> **Required action**: Transcribe the data that follows without changing a word, and omit the pictures.

Collection entries

BEGIN

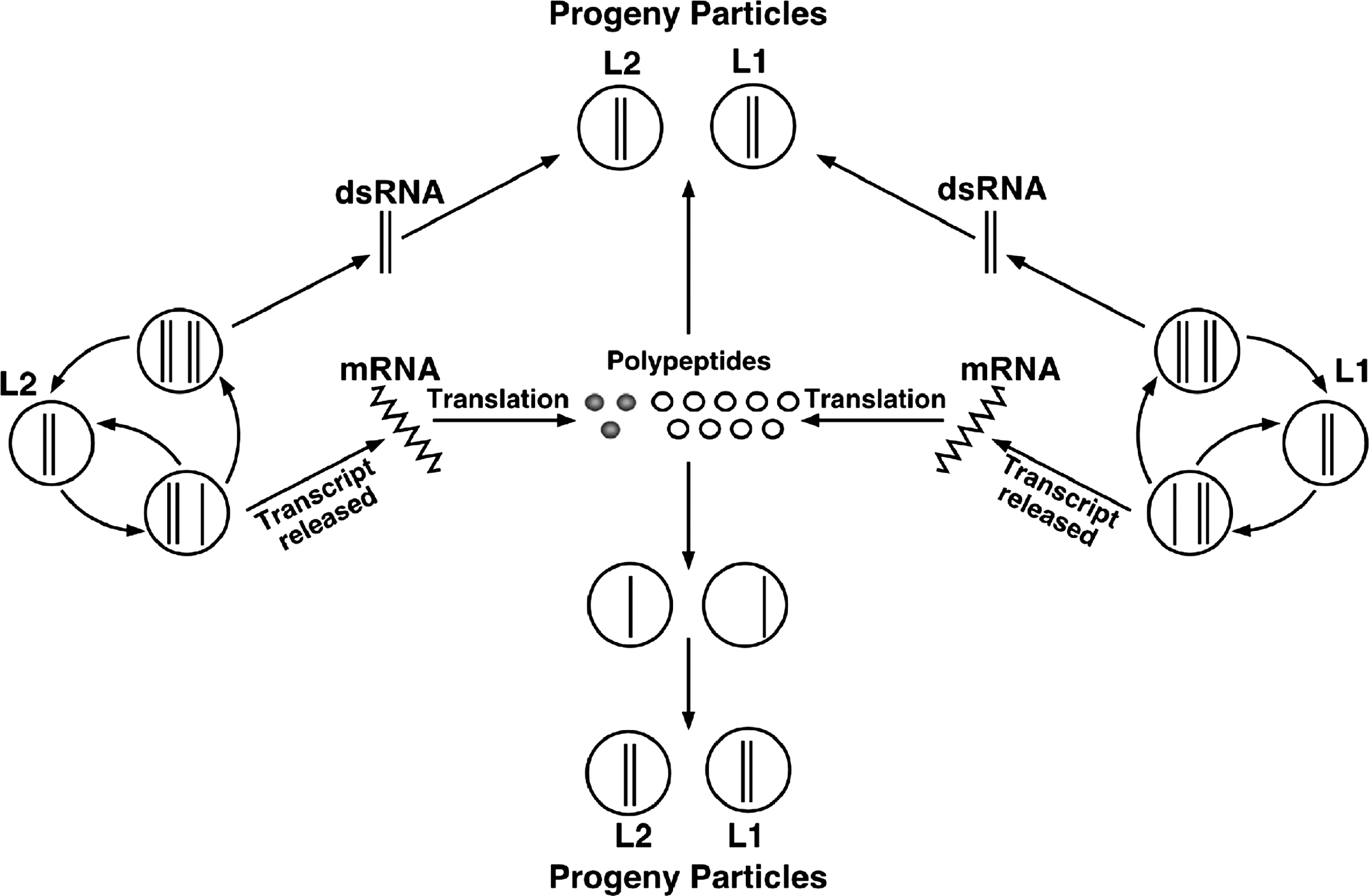 Figure 4 Model for replication of Penicillium stoloniferum virus S (PsV-S). The open circles represent CP subunits and the closed circles represent RNA polymerase subunits. Solid lines represent RNA strands whereas wavy lines represent mRNA.
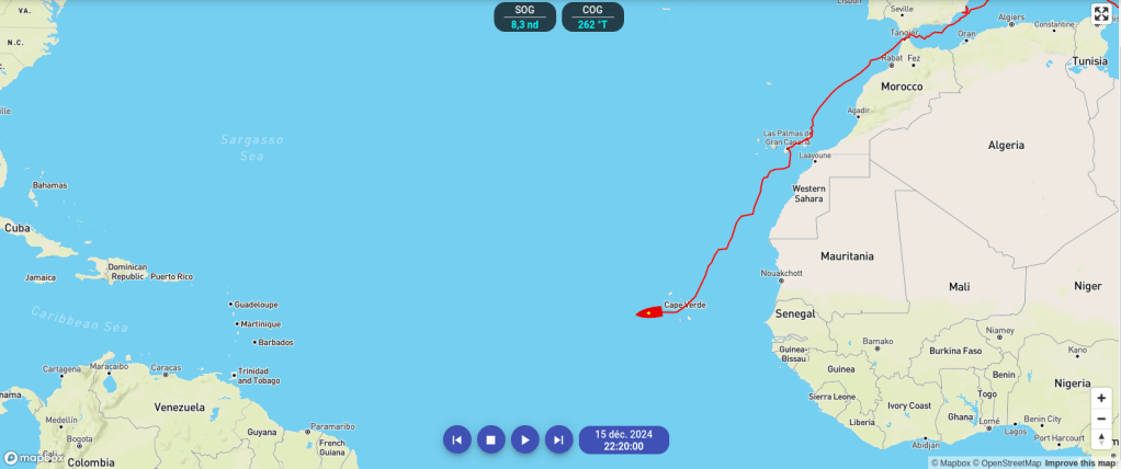 Vers 17h, nous avons parcouru 165MN aujourd’hui, peut-être un peu plus (on est un peu perturbé avec le changement d’heure sur le suivi journalier). Cela nous amène à 1100MN depuis le départ et il nous reste un peu plus de 2000MN à parcourir vers les Grenadines. Cette journée était vraiment une belle journée de vie à bord sur une mer belle avec un vent coopératif et un bateau bien stable.
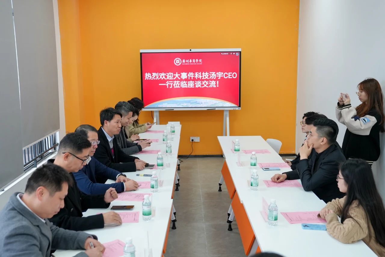在互动交流环节,双方围绕产教融合、校企合作模式创新、专业人才培养等议题展开深入探讨。大事件科技集团的嘉宾们结合企业实际需求,分享了行业前沿信息与实践经验,为学校专业建设与课程设置提供了宝贵建议。学校代表则详细介绍了各学院在专业特色、教学改革及实践教学方面的成果,并表达了进一步深化校企合作的强烈意愿。
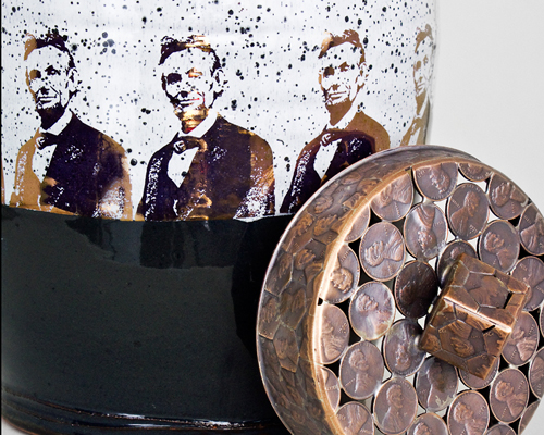 a mutual love for abraham lincoln spurred the creative collaboration between american artist stacey lee webber and ceramicist justin rothshank on a series of eight handcrafted vessels. wheel thrown jars with shining, patterned images of lincoln’s face in copper luster have been crafted by rothshank, made of earthenware clay and varnished with layers of glossy white and black glaze. the rounded volumes were then shipped to webber, who thematically ties in the president’s appearance on US currency in the creation of each container’s lid. pennies are hand-cut, soldered, fabricated, and patinated to form a complex, layered pattern, leaving no two lids alike. doughnut-shaped coin manipulations and molten sheets of interwoven copper pieces clad each covering, all completely bespoke in texture, size and pattern. the pieces will be shown in the 2014 american craft council show in baltimore, MD and the 2014 smithsonian craft show.
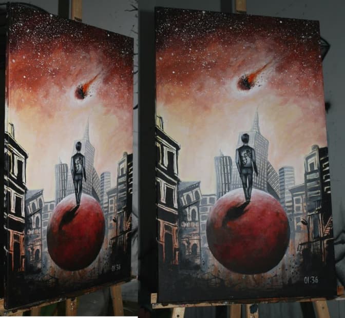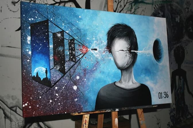 Називається вона «Альтернативна реальність». Ідея якось дуже випадково прийшла в голову. Все почалось з ескізу татуювання. Я спочатку задумала зробити щось типу коміксу на людях - кожен з клієнтів мав би мати на собі якусь частинку історії з одним персонажем, який присутній на кожній картинці. Він мав бути в різних ситуаціях і в різних реальностях, тому і назвала «альтернативна реальність». Спершу думала зробити десь робіт із 5, але потім персонаж мені сподобався, і я захотіла збільшити масштаби та перенести ідеї на полотна, збільшити кількість картин.
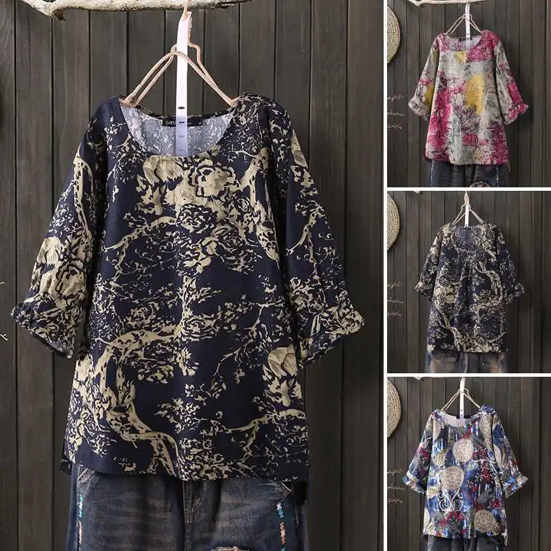 ZANZEA, женские блузы, рубашка, лето-осень 2020, богемная, с круглым вырезом, с длинным рукавом, ретро, цветочный принт, туника, свободные топы размера плюс S-5XL
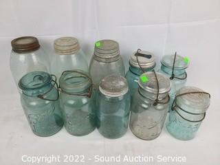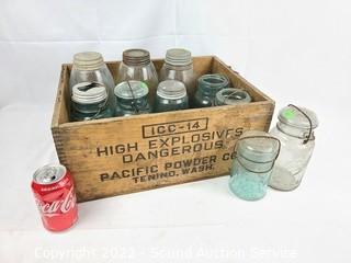 Lot #0174: vtg. Wood Explosive Crate & 10 Canning Jars
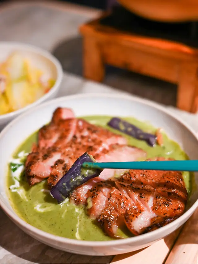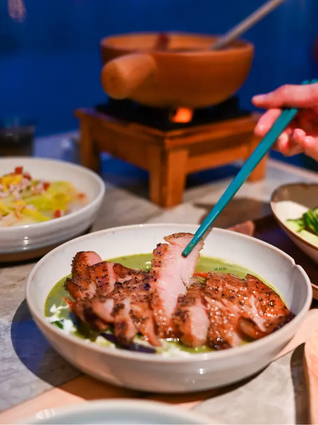 青咖喱濃香撲鼻 絲滑椰汁 巧妙中和青咖喱的辛辣 帶來溫和微辣的豐富滋味 搭配外焦內嫩的豬頸肉 口感層次鮮明 特色盡顯~
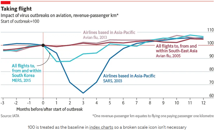 축을 0에서 시작하면 중요한 차이점이 보이지 않습니다. The Economist에서는
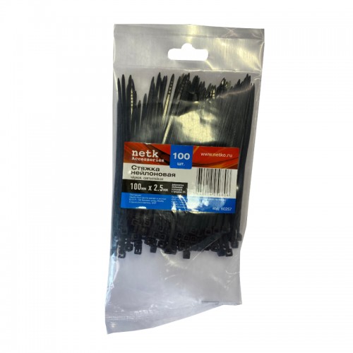 60257 Стяжка нейлоновая 100*2,5 / 100 шт / светостойкая (черная), Netko SZ
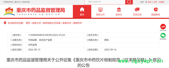 9月14日,重庆市药监局公开征集《重庆市中药饮片炮制规范(征求意见稿)》意见的公告,第一批107个品规,2022年10月13日前通过电子邮件反馈我局(附相关说明及实验数据、联系人姓名、联系方式等信息)。
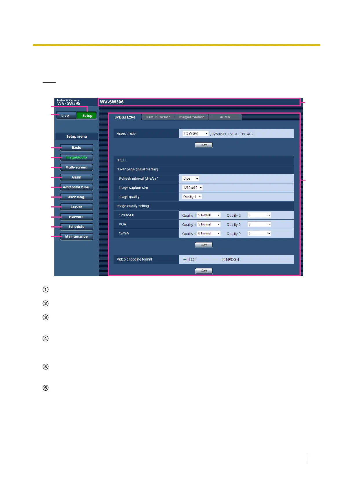 actions of JPEG/H.264 (or MPEG-4) camera images can be configured on the “Image/Audio” page.
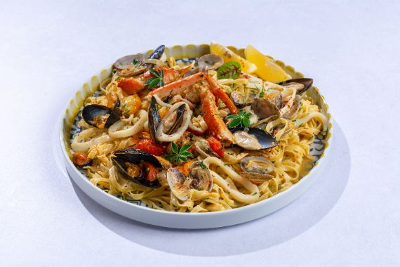 Medley of seafoods tossed with spaghetti in a garlicky tomato and white wine sauce.

END

> **Response box**:
 Figure 4 Model for replication of Penicillium stoloniferum virus S (PsV-S). The open circles represent CP subunits and the closed circles represent RNA polymerase subunits. Solid lines represent RNA strands whereas wavy lines represent mRNA.
 Vers 17h, nous avons parcouru 165MN aujourd’hui, peut-être un peu plus (on est un peu perturbé avec le changement d’heure sur le suivi journalier). Cela nous amène à 1100MN depuis le départ et il nous reste un peu plus de 2000MN à parcourir vers les Grenadines. Cette journée était vraiment une belle journée de vie à bord sur une mer belle avec un vent coopératif et un bateau bien stable.
在互动交流环节,双方围绕产教融合、校企合作模式创新、专业人才培养等议题展开深入探讨。大事件科技集团的嘉宾们结合企业实际需求,分享了行业前沿信息与实践经验,为学校专业建设与课程设置提供了宝贵建议。学校代表则详细介绍了各学院在专业特色、教学改革及实践教学方面的成果,并表达了进一步深化校企合作的强烈意愿。
 a mutual love for abraham lincoln spurred the creative collaboration between american artist stacey lee webber and ceramicist justin rothshank on a series of eight handcrafted vessels. wheel thrown jars with shining, patterned images of lincoln’s face in copper luster have been crafted by rothshank, made of earthenware clay and varnished with layers of glossy white and black glaze. the rounded volumes were then shipped to webber, who thematically ties in the president’s appearance on US currency in the creation of each container’s lid. pennies are hand-cut, soldered, fabricated, and patinated to form a complex, layered pattern, leaving no two lids alike. doughnut-shaped coin manipulations and molten sheets of interwoven copper pieces clad each covering, all completely bespoke in texture, size and pattern. the pieces will be shown in the 2014 american craft council show in baltimore, MD and the 2014 smithsonian craft show.
 Називається вона «Альтернативна реальність». Ідея якось дуже випадково прийшла в голову. Все почалось з ескізу татуювання. Я спочатку задумала зробити щось типу коміксу на людях - кожен з клієнтів мав би мати на собі якусь частинку історії з одним персонажем, який присутній на кожній картинці. Він мав бути в різних ситуаціях і в різних реальностях, тому і назвала «альтернативна реальність». Спершу думала зробити десь робіт із 5, але потім персонаж мені сподобався, і я захотіла збільшити масштаби та перенести ідеї на полотна, збільшити кількість картин.
 ZANZEA, женские блузы, рубашка, лето-осень 2020, богемная, с круглым вырезом, с длинным рукавом, ретро, цветочный принт, туника, свободные топы размера плюс S-5XL
 Lot #0174: vtg. Wood Explosive Crate & 10 Canning Jars
 青咖喱濃香撲鼻 絲滑椰汁 巧妙中和青咖喱的辛辣 帶來溫和微辣的豐富滋味 搭配外焦內嫩的豬頸肉 口感層次鮮明 特色盡顯~
 축을 0에서 시작하면 중요한 차이점이 보이지 않습니다. The Economist에서는
 60257 Стяжка нейлоновая 100*2,5 / 100 шт / светостойкая (черная), Netko SZ
 9月14日,重庆市药监局公开征集《重庆市中药饮片炮制规范(征求意见稿)》意见的公告,第一批107个品规,2022年10月13日前通过电子邮件反馈我局(附相关说明及实验数据、联系人姓名、联系方式等信息)。
 actions of JPEG/H.264 (or MPEG-4) camera images can be configured on the “Image/Audio” page.
 Medley of seafoods tossed with spaghetti in a garlicky tomato and white wine sauce.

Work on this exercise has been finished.